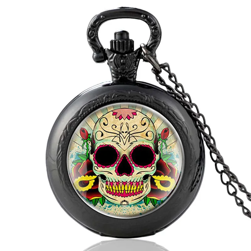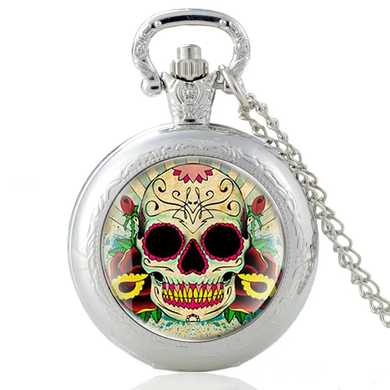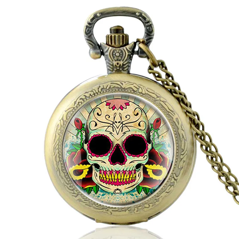 Античный бронзовый череп, цветочный дизайн, стеклянный кабошон, кварцевые карманные часы, Винтажный Мужской и женский кулон, ожерелье, цепные часы
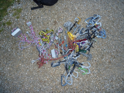 Für Samstag war geplant, noch mal die „Weidener Wand“ vom Ende des Vortages zu beklettern. Da ich Blut geleckt hatte, was das selbst absichern von Routen angeht, wollte ich mich dort in der eigentlich viel zu leichten Route „Enger Kamin (4-)“ versuchen. Beim Versuchen blieb es allerdings auch, denn ich muss zu meiner Schande gestehen, dass ich die Route nicht geschafft habe. Direkt zum Einstieg muss man über einen kleinen, überhängenden Felsvorsprung klettern, der erste Haken befindet sich auf ca. zweieinhalb oder drei Meter und ist mehr als nur schlecht erreichbar. Also wurde mein erster Hexentric gesetzt, der auch prompt kurz darauf wieder aus der Felsspalte hinaus kam.
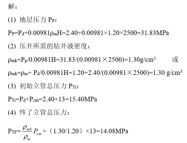 (2) 压井所需的钻井液密度ρmk(单位:g/cm3);

**Task goal:**
Leave out the pictures, and write out all the remaining data above exactly.

**Task solution:**
 Античный бронзовый череп, цветочный дизайн, стеклянный кабошон, кварцевые карманные часы, Винтажный Мужской и женский кулон, ожерелье, цепные часы
 Für Samstag war geplant, noch mal die „Weidener Wand“ vom Ende des Vortages zu beklettern. Da ich Blut geleckt hatte, was das selbst absichern von Routen angeht, wollte ich mich dort in der eigentlich viel zu leichten Route „Enger Kamin (4-)“ versuchen. Beim Versuchen blieb es allerdings auch, denn ich muss zu meiner Schande gestehen, dass ich die Route nicht geschafft habe. Direkt zum Einstieg muss man über einen kleinen, überhängenden Felsvorsprung klettern, der erste Haken befindet sich auf ca. zweieinhalb oder drei Meter und ist mehr als nur schlecht erreichbar. Also wurde mein erster Hexentric gesetzt, der auch prompt kurz darauf wieder aus der Felsspalte hinaus kam.
 (2) 压井所需的钻井液密度ρmk(单位:g/cm3);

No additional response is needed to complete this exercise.